It’s 2019 and there isn’t space in your life, kitchen or grill for half-truths. Here are a few commonly shared myths that you should not believe.
Myth: Tell the grill’s temperature by holding your hand over it
First of all—no. Second, why complicate things when many of our grills come with built-in lid thermometers? You can find them on our charcoal grills like the Original Kettle Premium 57cm, in all of our Spirit grills, and in our compact and portable Weber Q gas grills. Everyone reacts to heat differently and there is no way—not even if you’re a very talented cook—can you hold your hand over a hot grate and just know.
Myth: The hotter the grill is the better
A grill that can go a wide range of temperatures gives you flexibility, but high heat is not always the answer to everything. Depending on what you’re cooking and which method you’re using (searing, grilling, roasting or even baking), each ingredient should be treated differently to yield optimum results and flavor. There is no one heat setting that fits all.

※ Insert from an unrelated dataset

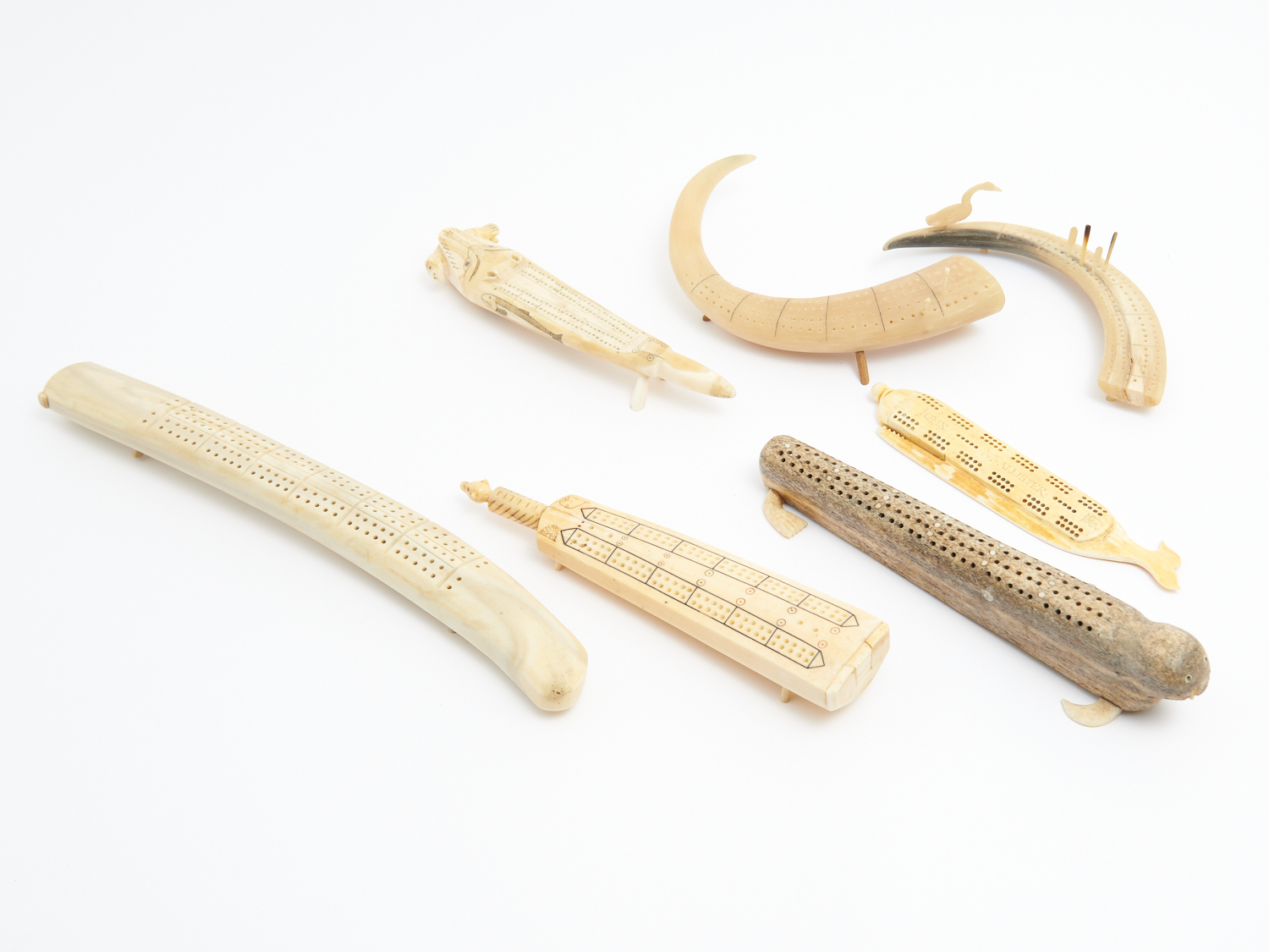 SEVEN CARVED BONE, HORN, TUSK AND MARINE BONE CRIBBAGE BOARDS L.36.5CM, LEONARD JOEL DELIVERY SIZE: MEDIUM

A good barbecue cook knows the right temperature to use—or at least is willing to follow the ones recommended in our recipes!

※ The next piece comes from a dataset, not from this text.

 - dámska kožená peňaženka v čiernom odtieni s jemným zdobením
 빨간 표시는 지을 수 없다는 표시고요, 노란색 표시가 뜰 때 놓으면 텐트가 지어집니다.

Myth: The red juice oozing from your grilled steak is blood
It’s actually just water. The red hue comes from myoglobin, a protein that helps muscle tissue store oxygen. Also, if it were blood, the red would be significantly darker.
Myth: Marinades tenderize meat
Most of the time, marinades are just a surface treatment that add flavor and do not make your meat more tender. Just think of your steak as an already saturated sponge with little space for more liquid. While flavor molecules like salt can split up and penetrate the surface, others like your pepper and garlic are unable to get pass the surface pores.

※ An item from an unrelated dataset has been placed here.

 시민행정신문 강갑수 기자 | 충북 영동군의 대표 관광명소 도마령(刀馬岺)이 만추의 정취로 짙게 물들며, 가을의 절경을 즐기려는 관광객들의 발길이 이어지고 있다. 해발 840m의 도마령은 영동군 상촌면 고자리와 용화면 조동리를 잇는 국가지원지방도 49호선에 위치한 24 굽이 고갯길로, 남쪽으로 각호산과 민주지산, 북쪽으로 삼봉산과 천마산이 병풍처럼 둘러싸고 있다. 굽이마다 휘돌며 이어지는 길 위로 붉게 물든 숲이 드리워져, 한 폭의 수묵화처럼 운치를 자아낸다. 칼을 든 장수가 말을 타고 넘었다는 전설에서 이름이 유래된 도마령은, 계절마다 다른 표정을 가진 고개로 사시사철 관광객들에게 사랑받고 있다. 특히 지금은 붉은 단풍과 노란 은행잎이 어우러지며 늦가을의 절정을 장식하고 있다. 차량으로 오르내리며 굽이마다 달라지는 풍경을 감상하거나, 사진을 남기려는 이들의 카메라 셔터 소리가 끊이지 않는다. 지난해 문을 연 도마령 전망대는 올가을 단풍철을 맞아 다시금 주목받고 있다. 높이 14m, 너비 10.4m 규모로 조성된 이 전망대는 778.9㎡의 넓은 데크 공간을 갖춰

Many marinade recipes include ‘tenderizing ingredients’ such as citrus, beer, cola and pineapple but even then they only primarly work on the surface, and done wrongly it could even toughen your meat or make it mushy. Imagine, if you will, your meat proteins as rows of coiled ribbons that bind to each other closely. An acidic marinade (citrus, vinegar or wine) breaks and unwinds them temporarily and then they bond loosely together again. When the marinade is too acidic, these bonds tighten, squeezing the water out causing the meat to become tough.
Myth: Gas grills = bland food
We suspect this might have been perpetrated by charcoal snobs who want to keep their process pure. While the debate rages on about whether which is better—to be honest, we believe any grilling is good grilling if it suits your needs and tastes—it is absolutely not true that food grilled over a gas grill will turn out flavorless.
In fact, in blind taste tests we’ve run, people can’t even significant taste difference between foods cooked on charcoal or gas grills. If it’s a flavor boost you’re after, Weber’sQ gas grills have an in-built Flavorizer System that are angled just right to catch drippings and smoke them to give your food the classic barbecue flavor everyone’s after.